Working from the data below, write out exactly the lines from its first through the line that contains "BLACK AND DECKER", both ends included and pictures omitted.

START GIVEN INFORMATION

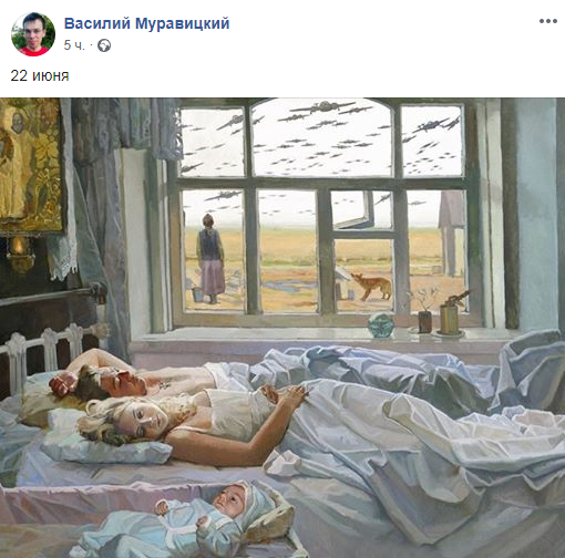 Так, журналист Василий Муравницкий опубликовал у себя на странице в Facebook картину Валентина Папко "Даже не снилось. 22 июня 1941".
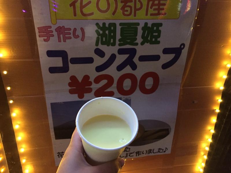 去年も 3回いただきましたが今年もその味は変わらず。山中湖で栽培されたコーンのうまみがギュッと詰まった、とっても濃厚で美味しいスープです。しかも 1杯 200円とお安い!
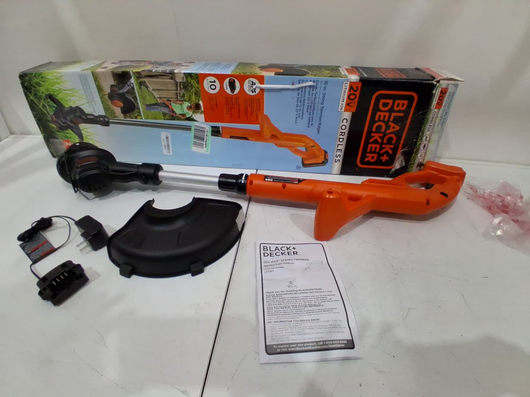 BLACK AND DECKER CORDLESS STRING TRIMMER/EDGER WITH BATTERY CHARGER *TOOL ONLY* - 10" - 20V MAX - BLACK/ORANGE (MODEL: LST201)
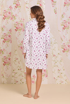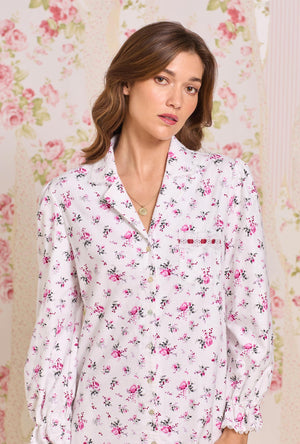 This classic 100% Cotton Flannel Nightshirt is perfect for a chilly evening. Long sleeves and a notched collar trimmed with Venise edge lace offer timeless appeal. The chest pocket is embellished with beaded embroidered Venise floral lace with a velvet ribbon. Complete with side-seam pockets for added versatility, a full button front of round Akoya buttons, and a softly ruffled shirt-tail hem.
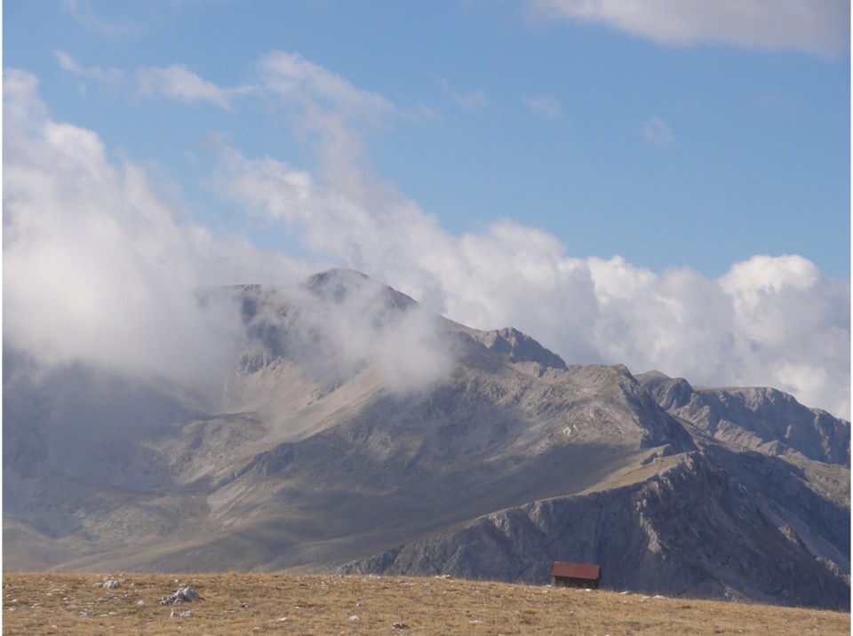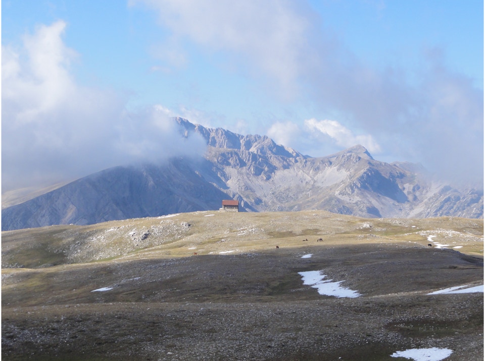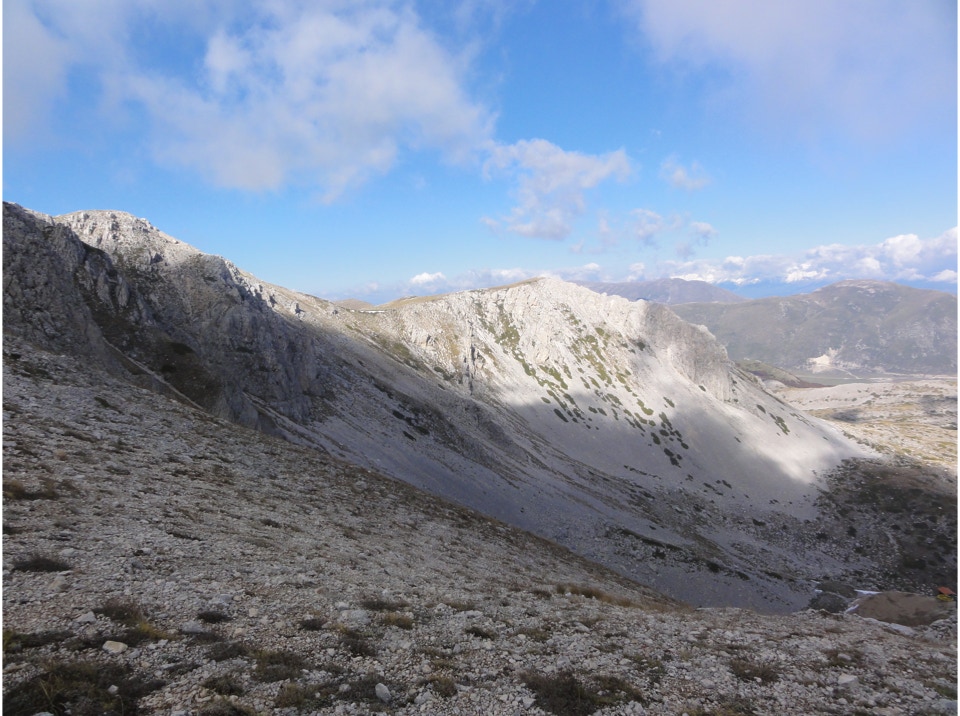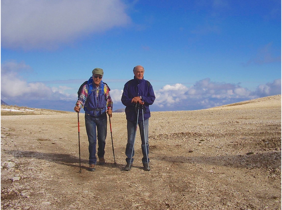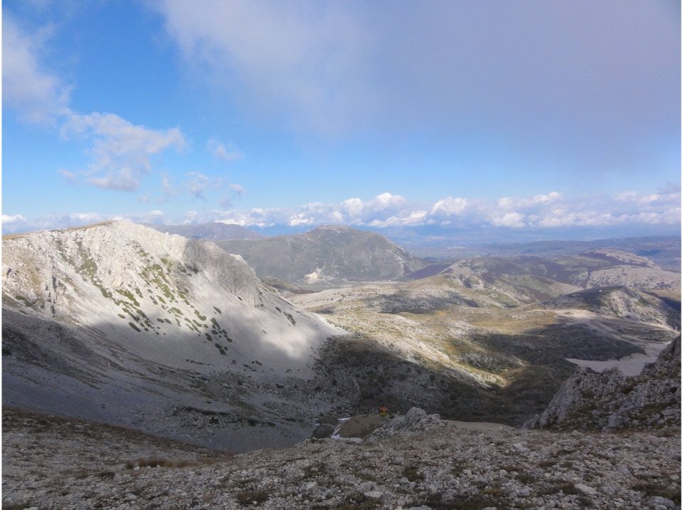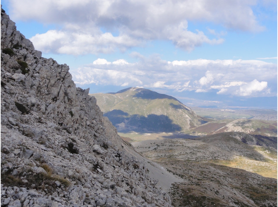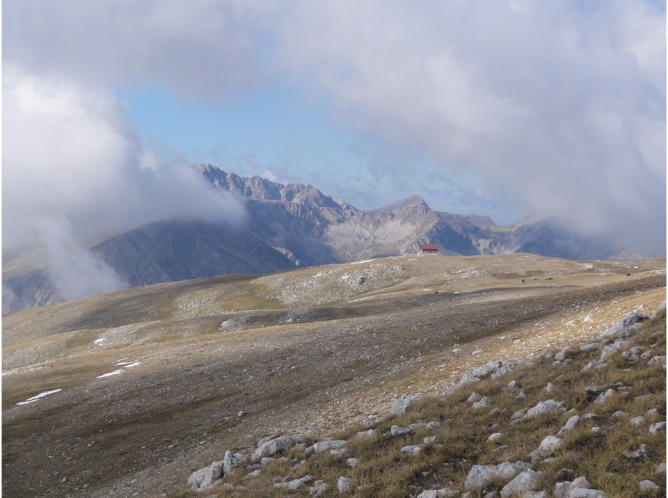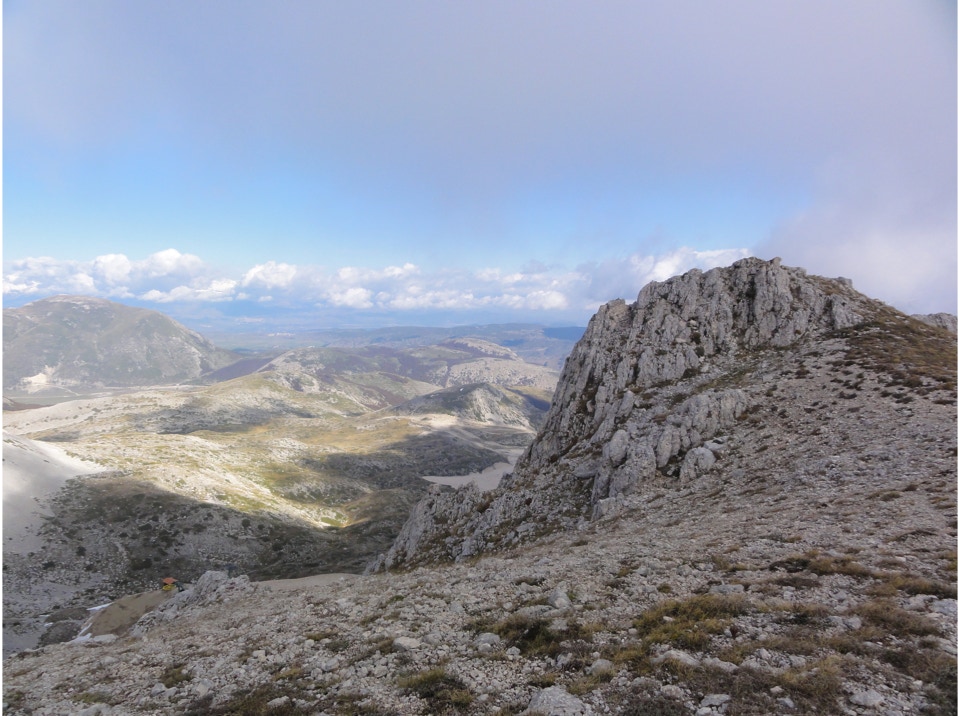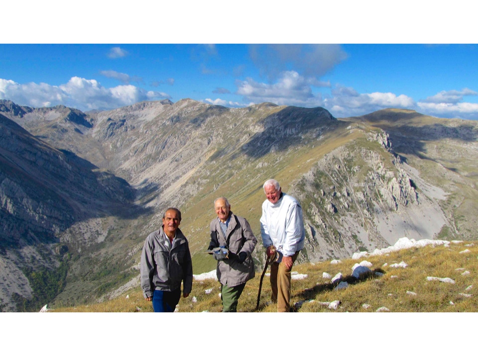 Una piccola deviazione verso Ovest ha condotto alcuni dei partecipanti (Achille, Giorgio, Paolo e Emilio) al visibilissimo Rifugio Magrini (Panei) e alla Sentinella (2178 m); il rifugio purtroppo è in cattivissimo stato, ma poco più avanti ci si può affacciare sulla Valle del Bicchero, lo spettacolo sul gruppo del Velino è grandioso.

END GIVEN INFORMATION

**WRITTEN RESPONSE**
 Так, журналист Василий Муравницкий опубликовал у себя на странице в Facebook картину Валентина Папко "Даже не снилось. 22 июня 1941".
 去年も 3回いただきましたが今年もその味は変わらず。山中湖で栽培されたコーンのうまみがギュッと詰まった、とっても濃厚で美味しいスープです。しかも 1杯 200円とお安い!
 BLACK AND DECKER CORDLESS STRING TRIMMER/EDGER WITH BATTERY CHARGER *TOOL ONLY* - 10" - 20V MAX - BLACK/ORANGE (MODEL: LST201)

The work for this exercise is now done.